I knew I was more or less in the right place as others were coming down in the vicinity, but I was not exactly sure where. There was a horse grazing in the field where I was, who didn't seem to like my presence much, so I went off in the direction where I thought our rendezvous was. 

There were some machine-guns firing at the planes over to the east and quite a lot of flak and stuff to the south, but no sign of any enemy in our vicinity or in the direction I was going. There were numerous others about from our battalion and in a little while I met one of my platoon commanders and then the colonel and then another captain and we checked our position and arrived at our objective, a quarry, without any untoward incident. 
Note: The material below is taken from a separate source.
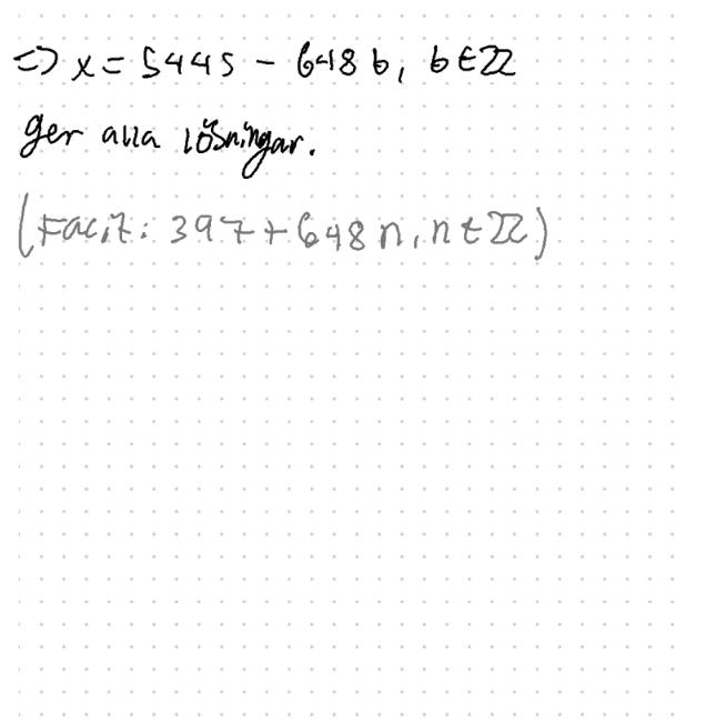 Nämnvärt att denna del av lösningen (att x=konstant+648b), stämmer överrens med facit. Det är bara ”konstant” som jag får fel på.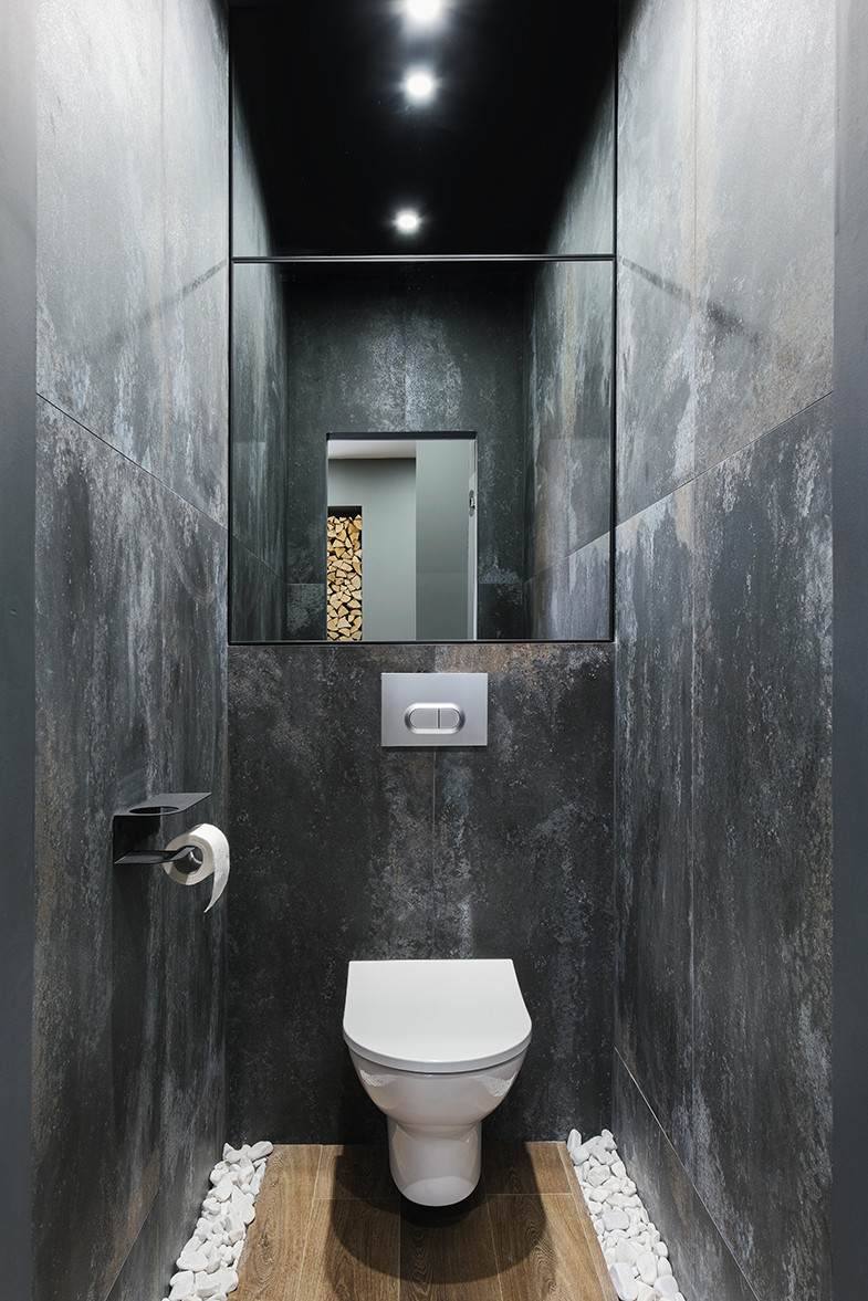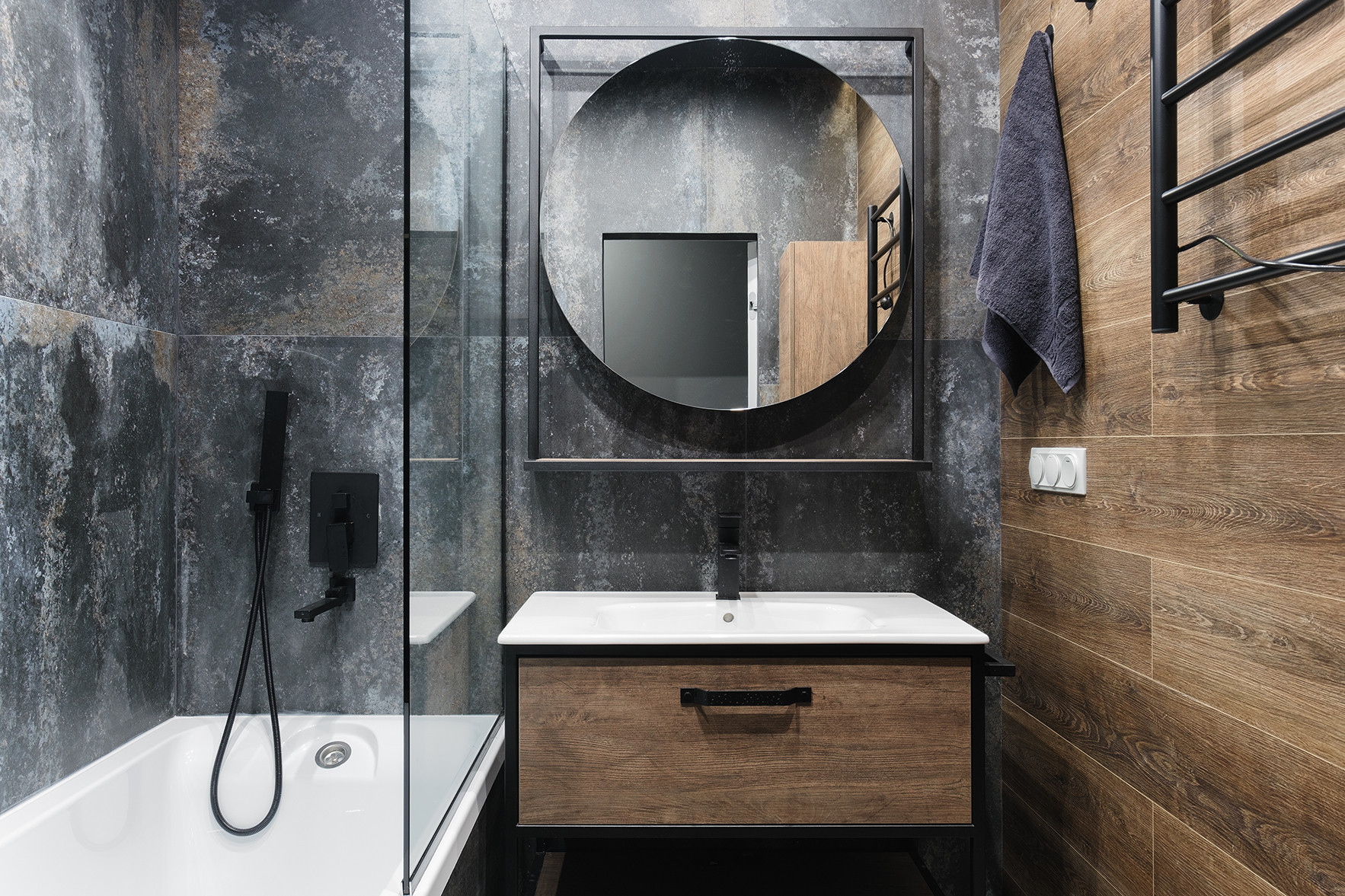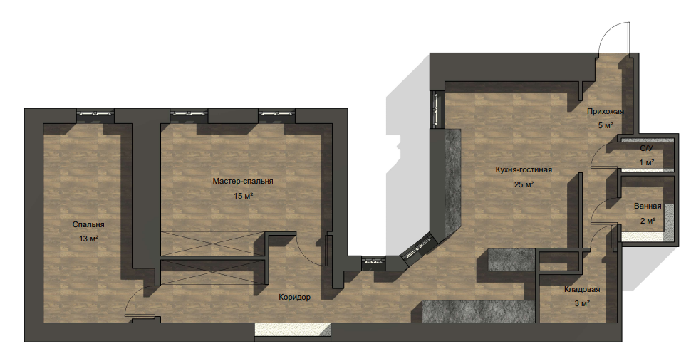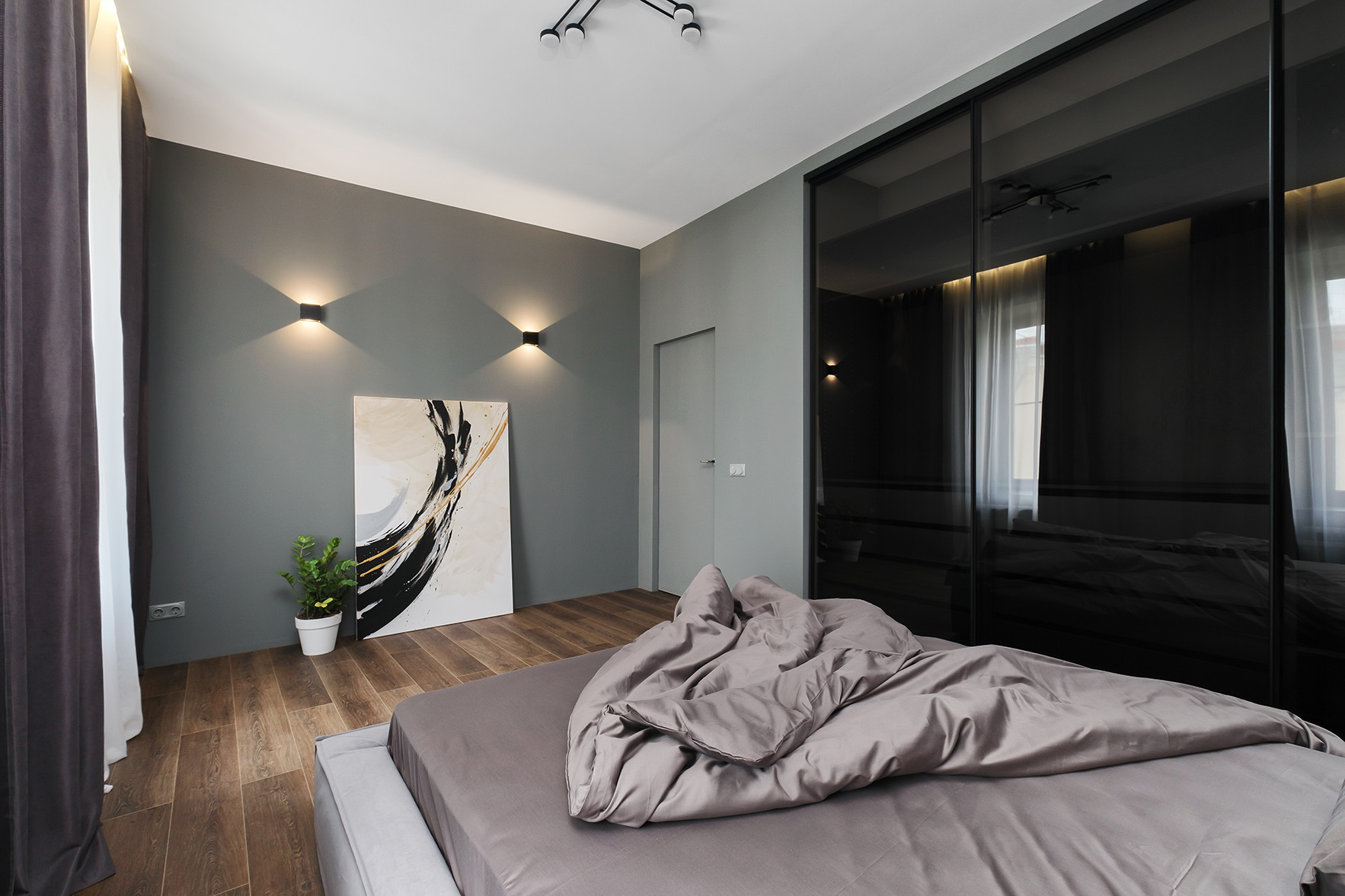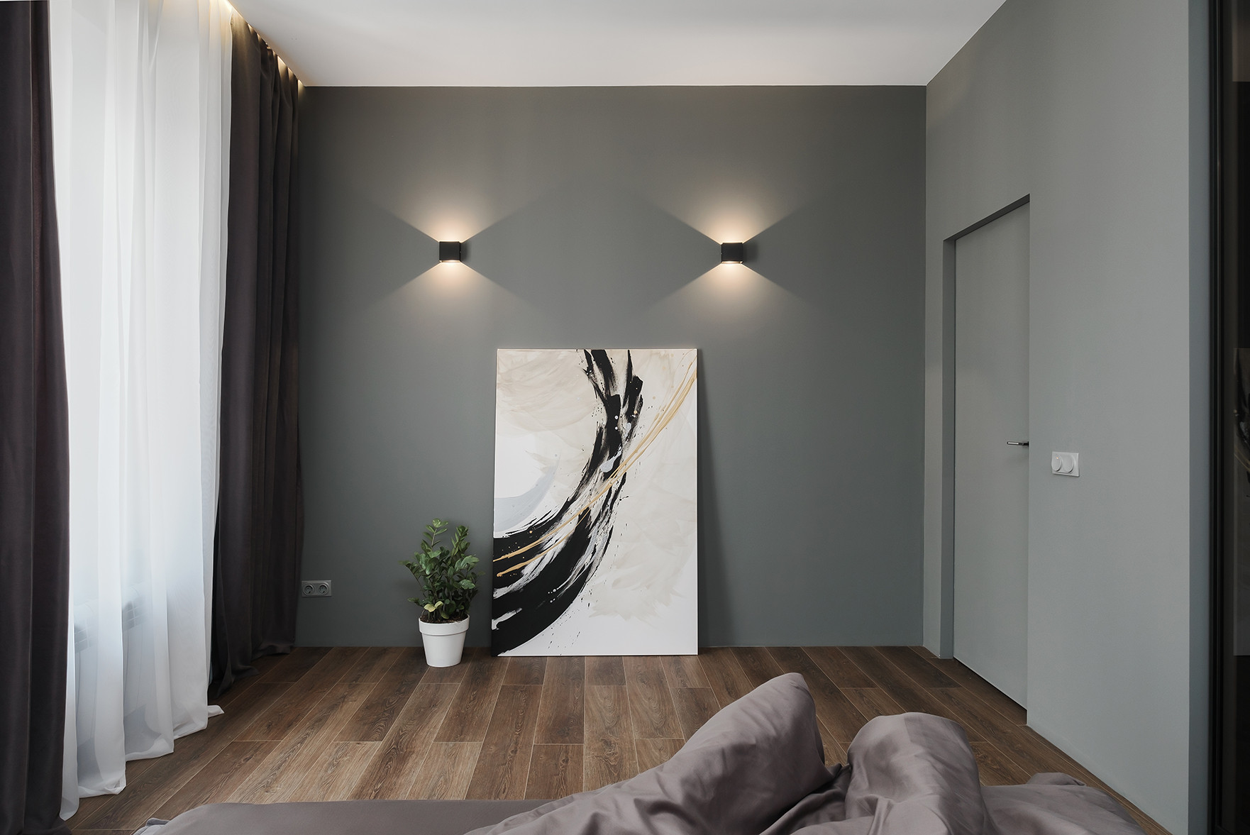 Отличительными чертами объекта являются высокие потолки 2,9 м, установленный в гостиной комнате камин на биотопливе, дизайнерские предметы интерьера. Общий современный стиль квартиры дополняет лофт-перегородка с затемнённым стеклом. Преимущественная цветовая гамма квартиры – темная и приглушенная, однако детская выполнена в светлых тонах.

At this quarry was a cottage, and when we arrived, the French family came out and we shook hands all round and wished each other "Bon jour", most inappropriately! As it was then 2am and the "jour" was not at all "bon". A few hours after the sea launching, the commandos got up to us and came across our bridges, again most cheering, and things were a bit hectic just then. I remember that one lot had a piper with them, which was the first thing we heard of them, and a very pleasant sound it was, and I have taken a better view of bagpipes ever since! 

A lot of it I've given rather sketchily, and I could never hope to give you the atmosphere, as it were; it is really quite indescribable. The extraordinary smell of broken buildings and explosives; the countryside, very like the Cotswolds really, littered with gliders and parachutes; gliders everywhere, in hedges and fences, some broken so much that it looked that no one could have survived and yet in very few cases was anyone hurt on landing. It was really an amazing but very unpleasant and tragic two days. The second-in-command of my company never appeared at all and was found four days later, he had been killed soon after landing; and my best friend in the battalion never turned up at all, nor anyone from his plane, so what happened to him I don't know. 

After I left they had rather a sticky time and most of the officers were either killed or wounded, more the latter than the former fortunately. Our colonel was killed, the announcement was in today's Telegraph. 

Yours ever


The clearest and most obvious sign that a civilisation is approaching its richly deserved destruction can be seen when it fails to acknowledge those who fought, bled, and died for it. No society, no matter how rich or free or strong, will stay that way if it fails to give respect to those who gave their all in war so that their descendants could live in peace.

It is only through giving that respect, acknowledging those sacrifices, and thereby inspiring future generations of men to understand that "the noblest fate a man can endure is to place his own mortal body between his loved home and war's desolation", that a free society remains so.

It has become trite and gauche to utter the words, "Freedom is not free". But it remains true nonetheless, and no amount of fashionable self-loathing can change this. Freedom - this celestial, Divinely-ordained gift given to you and me - requires many, far too many, of us to pay its price. That is how it must be - for ultimate cost is and must always be traded for perfect value.

HAIL the victorious dead!


  1. Well said. We forget too much.

  2. Today's an historic day, of course; I am sure everyone knows that. No, no, not because of D Day but because of what happened 50 years afterwards. Surely you can recall, if you'll just think about it a bit...Bill Clinton...pensively walking the dunes where better men by far then he gave their lives. There; I knew you would remember it.
    Do you know what Bill was thinking? I'm pretty sure I do:
    "Shazzam! If only Ah'd a been alahve and o age back then, just think a all dem widew women I coulda _comforted_...."

    (I wrote that years ago and continue to post it every place where it seems appropriate...or amusing.)